Автор книги: Мелисса Бродер
сообщить о нарушении
Текущая страница: 3 (всего у книги 4 страниц)
Глава девятая
Офер был недоволен компанией, что продала ему фейковых подписчиков «Инстаграма» для наших клиентов.
– Они пренебрегли диверсификацией по расам, национальностям и полу, – сказал он, когда мы сели все вместе в «Ласт краше».
– Но ведь подписчики фейковые, – возразила я.
– А должны выглядеть реальными. Когда вернемся в офис, начни смотреть другие компании. Найди цены, длительность существования, разнообразие фейковых подписчиков и… а что это шуршит такое?
Это шуршала я. Пыталась высвободить никотиновую жвачку из оболочки, не вынимая из сумки. Обычно я перед ланчем с клиентом очищала не меньше пяти жвачек и клала их в сумку без упаковки, и еще комок туалетной бумаги для использованных.
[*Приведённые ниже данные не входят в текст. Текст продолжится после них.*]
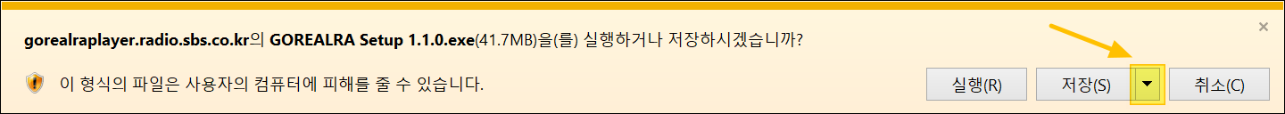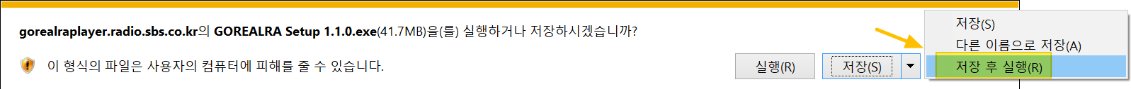 저장 후 바로 이용하고 싶다면 [저장 후 실행]을 클릭합니다. 그러면 바로 SBS고릴라 어플이 설치됩니다.

Это мне позволяло добраться до жвачки бесшумно, но сегодня я забыла про эту подготовку и должна была заниматься этим за столом, пока мы ждем прибытия оферовского призового кабанчика: актера Джейсона Благоевича, называющего себя «Джейс Эванс», и двух его агентов.
Джейс играл Лиама – главного героя свеженького шоу «Си-Даблъю» «Дышащие» – о трех сексапильных молодых людях, переживших зомби-апокалипсис. Шоу имело колоссальный успех у подростков и сейчас набирало популярность у тех взрослых, что в порядке иронии позиционируются как антиинтеллектуалы – хотя, может быть, они просто тупые. «Дышащих» сейчас продлили на второй сезон, и Джейс там сидел надежно. Хотя еще двух лет не прошло, как он из Акрона приехал.
Офер стал продвигать Джейса до того, как у того агент появился. Он сумел добыть ему эту роль без представительства агентства, что бывает редко. Агенты Джейса, две овцы с тепловым самонаведением[7]7
Комические персонажи компьютерной игры.
[Закрыть], по имени Джош и Джош, «примкнули к команде» как раз вовремя, чтобы устроить контракт. Не будь пилотного выпуска, они бы до Джейса кочергой не дотронулись, а сейчас ведут себя так, будто сами его родили.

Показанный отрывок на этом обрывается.